The implementation never relies on floating-point square roots. Using isqrt avoids precision issues entirely.
Worked Examples
Example 1
Input:
5 3 5 1 5 1
Total area:
$$15+5+5=25.$$
Square side:
$$S=5.$$
| Step | Condition | Result |
|---|---|---|
| Area perfect square | $25=5^2$ | Yes |
| Vertical stack | widths = 5, heights sum = 3+1+1=5 | Yes |
| Answer | YES |
This demonstrates the pure stacking configuration. Every rectangle spans the entire width of the square.
Example 2
Input:
8 5 3 5 3 3
| Step | Value |
|---|---|
| Area | 64 |
| Square side | 8 |
Checking layouts:
| Check | Result |
|---|---|
| Vertical stack | Fail |
| Horizontal stack | Fail |
| Rectangle 1 as strip | Remaining dimensions incompatible |
| Rectangle 2 as strip | Impossible |
| Rectangle 3 as strip | Impossible |
Final answer:
NO
This example shows that area alone is not enough. Even though $64=8^2$, the side lengths do not permit a valid tiling.
Complexity Analysis
| Measure | Complexity | Explanation |
|---|---|---|
| Time | O(1) | Only a fixed number of geometric checks are performed |
| Space | O(1) | Uses only a few variables |
Each test case requires evaluating a constant number of formulas. With at most 100 test cases, the running time is negligible compared to the limits.
Test Cases
# helper: run solution on input string, return output string
import sys
import io
from math import isqrt
def run(inp: str) -> str:
def can_form_square(rects):
area = sum(l * b for l, b in rects)
s = isqrt(area)
if s * s != area:
return False
if all(l == s for l, b in rects) and sum(b for l, b in rects) == s:
return True
if all(b == s for l, b in rects) and sum(l for l, b in rects) == s:
return True
for i in range(3):
l, b = rects[i]
others = [rects[j] for j in range(3) if j != i]
if l == s:
h = s - b
(l1, b1), (l2, b2) = others
if b1 == h and b2 == h and l1 + l2 == s:
return True
if l1 == s and l2 == s and b1 + b2 == h:
return True
if b == s:
w = s - l
(l1, b1), (l2, b2) = others
if l1 == w and l2 == w and b1 + b2 == s:
return True
if b1 == s and b2 == s and l1 + l2 == w:
return True
return False
data = inp.strip().splitlines()
t = int(data[0])
out = []
for i in range(1, t + 1):
vals = list(map(int, data[i].split()))
rects = [(vals[0], vals[1]), (vals[2], vals[3]), (vals[4], vals[5])]
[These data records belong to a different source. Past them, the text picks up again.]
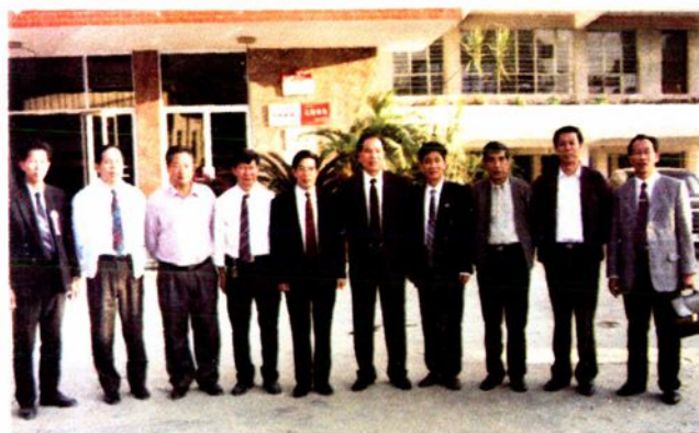
1994年11月7日，省委常委、副省长卢钟鹤(左五)到云中视察。左起：朱东海、温耀深、钟爱碧、叶文鉴、卢钟鹤、吴驹贤、廖钦源、陈锦锋、梁清林、陈仲凤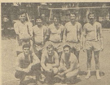
Ekipa naših odbojkarjev, tokrat boljša kot prejšnja leta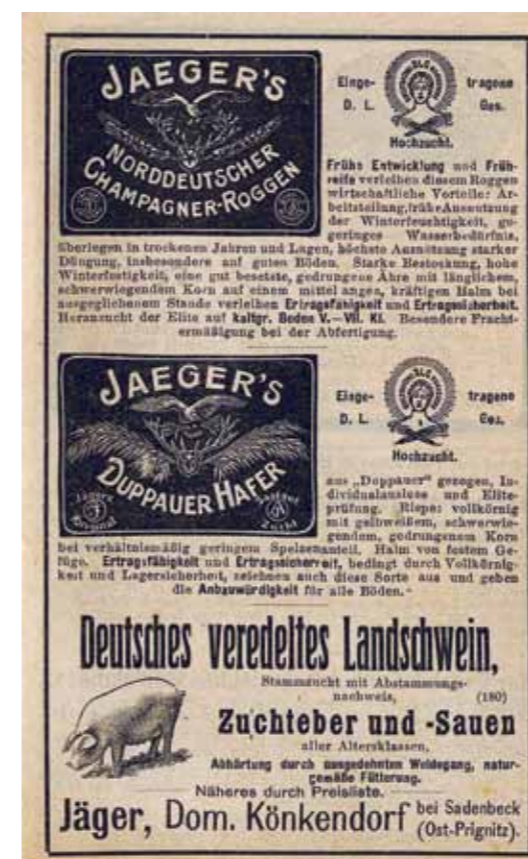
Reklama na oves vzniklý výběrem z doupovského ovsa.

Dnešní generace již nehledí na dědictví po minulých generacích jako na nepřátelskou kulturu, jako na kořist snadno získanou po původním obyvatelstvu. Silní tlak po obnově některých památek a fon- dů, turistických cest, rozhleden, výletních restaurací, studánek a pramenů, kapli a Božích muk v krajině, které bývaly její součástí. Avšak obnova krajiny nejsou jen výše uvedené nemovité památky, ale i předzahrádky s původními v regionu pěstovanými květinami či políčka s původními užitkovými rostlinami, dříve neodmyslitelně k regionu patřícími.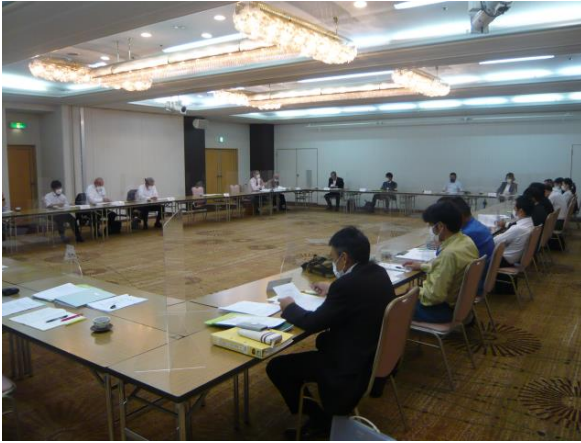
安全管理推進会議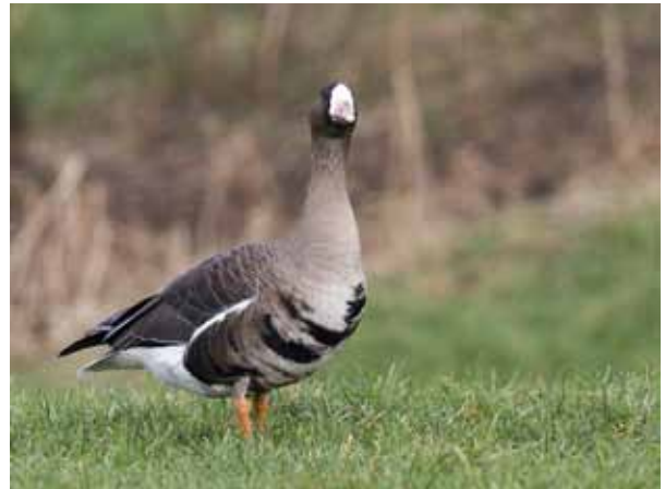
Kolganzen in de veerwei.

komen in de uiterwaarden Rhenen en in de Palmerswaard en dat enkele tientallen kolganzen foerageren op de Veerwei en de ijsbaan (gelegen tussen Veerweg en Rijnstraat), maar dat die aantallen te gering zijn om van invloed te kunnen zijn op de draagkracht. Wij bestrijden deze conclusie en dit vormt de kern van onze zienswijzen en beroepen tegen de besluiten van Rhenen en de provincie.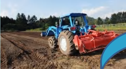
伝承有用植物の農園づくり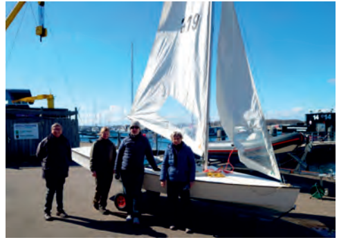
Die erste Pirat-Jolle war schon mal segelfertig und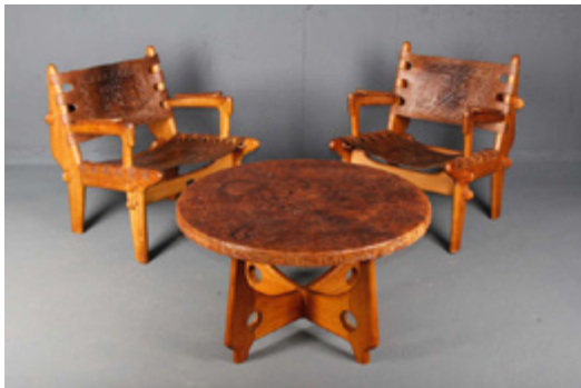
Ensemble en bois et cuir Designer: Angel Pazmino (Équateur) Année de création: 1960

Chez Messy Dessy, Genève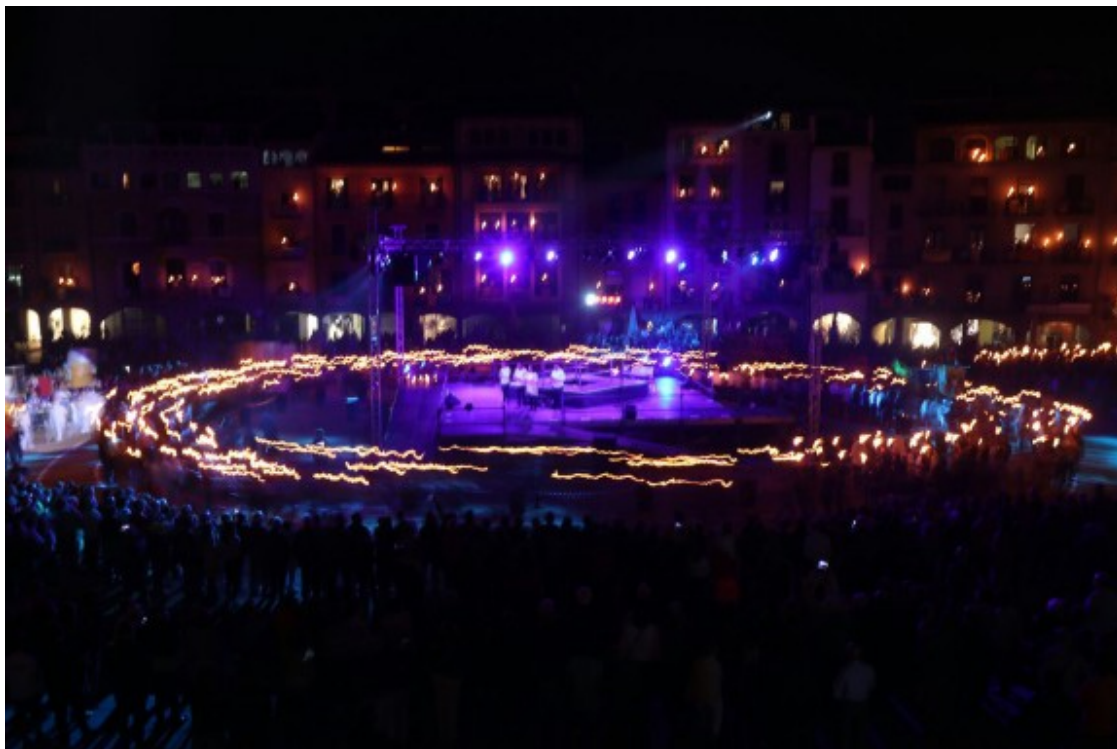
La Marxa dels Vigatans ha concetrat milers de persones a la plaça de Vic.

que envoltava l'escenari. Els balcons també hi han jugat un paper important, ja que aquesta edició, no només s'han il·luminat el primer pis com els darrers anys, sinó que segons i tercers també tenien la seva torxa.

out.append("YES" if can_form_square(rects) else "NO")
return "\n".join(out)
# provided sample
assert run(
"""5
100 100 10 10 1 1
5 3 5 1 5 1
2 3 1 2 1 1
8 5 3 5 3 3
3 3 3 3 2 1
"""
) == """NO
YES
YES
NO
NO"""
# minimum dimensions
assert run(
"""1
1 1 1 1 1 1
"""
) == "NO"
# all equal rectangles forming a square
assert run(
"""1
2 2 2 2 2 2
"""
) == "NO"
# vertical stacking
assert run(
"""1
4 2 4 1 4 1
"""
) == "YES"
# perfect-square area but impossible layout
assert run(
"""1
8 5 3 5 3 3
"""
) == "NO"
| Test input | Expected output | What it validates |
|---|---|---|
| 1×1, 1×1, 1×1 | NO | Smallest dimensions |
| 2×2, 2×2, 2×2 | NO | Perfectly equal rectangles do not automatically work |
| 4×2, 4×1, 4×1 | YES | Pure vertical stacking |
| 8×5, 3×5, 3×3 | NO | Perfect-square area but impossible geometry |
Edge Cases
Consider:
1
5 3 5 1 5 1
The area is $25$, so $S=5$. All rectangles have width 5 and their heights sum to 5. The algorithm accepts during the vertical-stack check and returns YES. A solution that only searches for L-shaped layouts would incorrectly reject it.
Consider:
1
8 5 3 5 3 3
The area is $64$, giving $S=8$. Every geometric configuration checked by the algorithm fails. The answer is NO even though the area is a perfect square. This prevents the common mistake of using area as the only criterion.
Consider:
1
2 3 1 2 1 1
The area is
$$6+2+1=9,$$
so $S=3$. The $2 \times 3$ rectangle occupies a full-height strip. The remaining width is 1. The other rectangles are $1 \times 2$ and $1 \times 1$, which stack vertically to fill a $1 \times 3$ region. The algorithm detects this in the full-height-strip case and returns YES.
Consider:
1
100 100 10 10 1 1
The area is
$$10101,$$
which is not a perfect square. The algorithm rejects immediately before performing any geometric checks. This handles the largest dimensions safely and efficiently.